Repeat the data in full and exactly. Leave the pictures out.
BEGIN Data excerpt
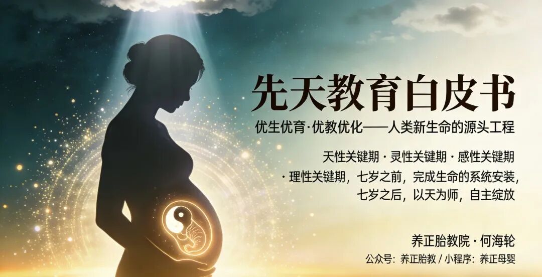 当代生育观念多停留在生理健康与知识灌输层面,忽视了生命源头的灵性本质。本白皮书基于养正胎教二十七年实践,融合《化书》哲学、东方生命观与现代发育心理学,提出“先天教育”理论体系,重新定义从备孕到七岁的生命关键期。
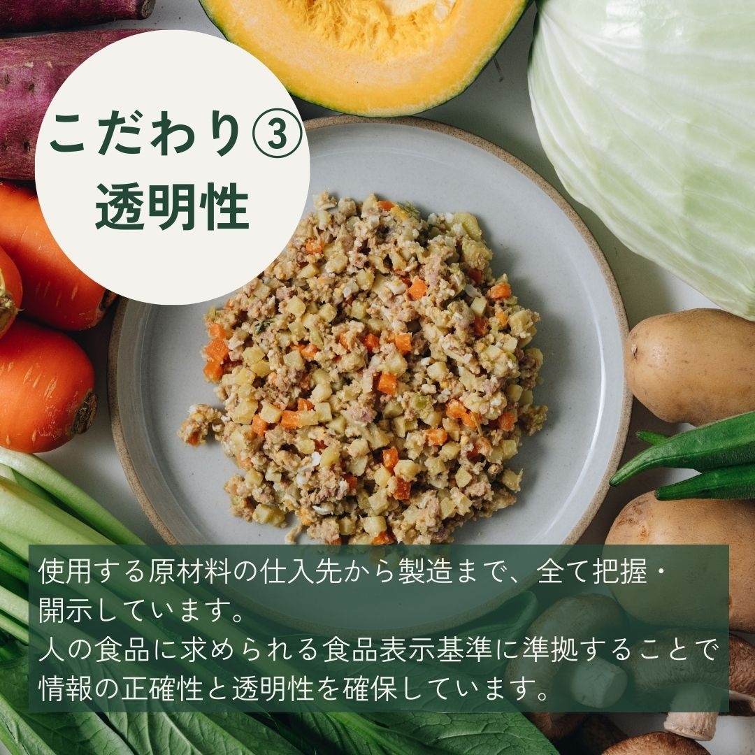 脂質が少ない良質な九州産鶏むね肉と、ワンちゃんに大人気の九州産鶏レバーをふんだんに使用し、高タンパクでバランスの良いレシピに仕上げました。かぼちゃの甘味としいたけの旨味もたっぷり。ローストアマニのオメガ3脂肪酸による抗酸化作用も期待できます。
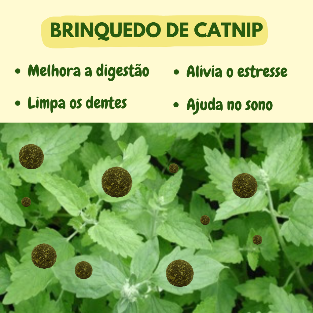 O melhor e mais divertido brinquedo que seu gato pode ter! O Catnip só traz benefícios para o animal sendo utilizado na forma e na quantidade correta. Os efeitos de euforia e agitação são causados por uma substância chamada Nepetalactone, que não prejudica o bichano.
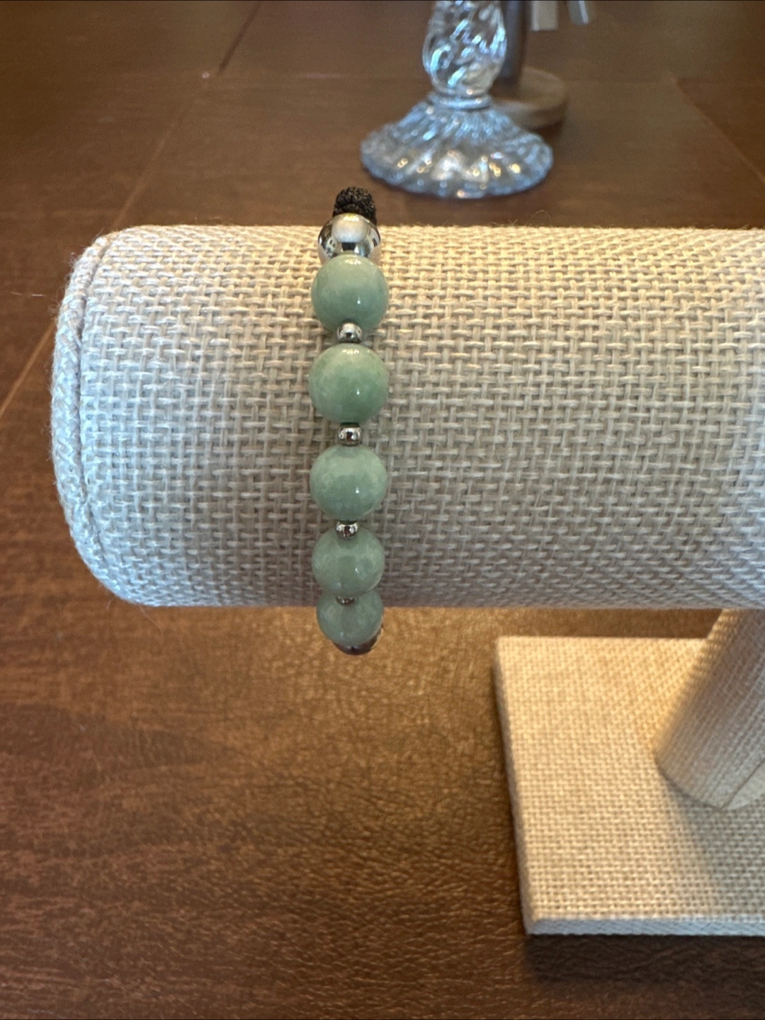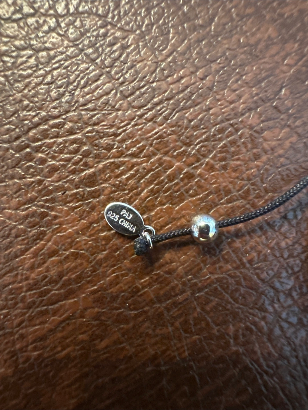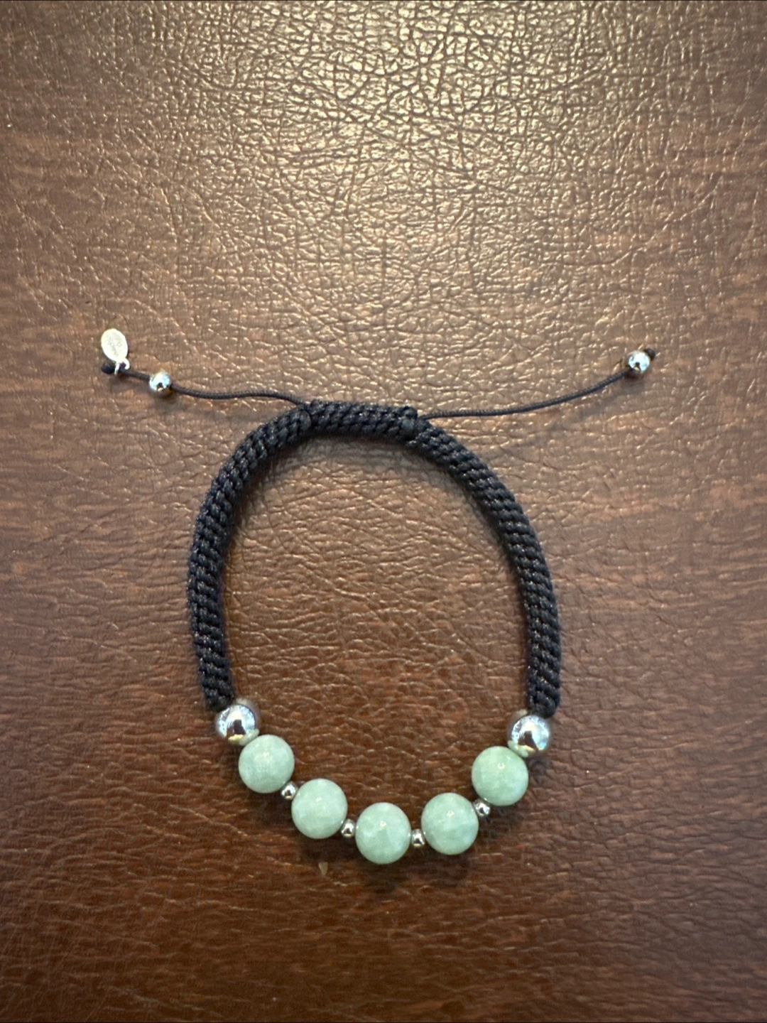 Selling a cute jade bead bracelet! It has a black braided cord and silver accents. The clasp is marked 'PAJ 925 CHINA'.
END Data excerpt
→ **Task solution**:
 当代生育观念多停留在生理健康与知识灌输层面,忽视了生命源头的灵性本质。本白皮书基于养正胎教二十七年实践,融合《化书》哲学、东方生命观与现代发育心理学,提出“先天教育”理论体系,重新定义从备孕到七岁的生命关键期。
 脂質が少ない良質な九州産鶏むね肉と、ワンちゃんに大人気の九州産鶏レバーをふんだんに使用し、高タンパクでバランスの良いレシピに仕上げました。かぼちゃの甘味としいたけの旨味もたっぷり。ローストアマニのオメガ3脂肪酸による抗酸化作用も期待できます。
 O melhor e mais divertido brinquedo que seu gato pode ter! O Catnip só traz benefícios para o animal sendo utilizado na forma e na quantidade correta. Os efeitos de euforia e agitação são causados por uma substância chamada Nepetalactone, que não prejudica o bichano.
 Selling a cute jade bead bracelet! It has a black braided cord and silver accents. The clasp is marked 'PAJ 925 CHINA'.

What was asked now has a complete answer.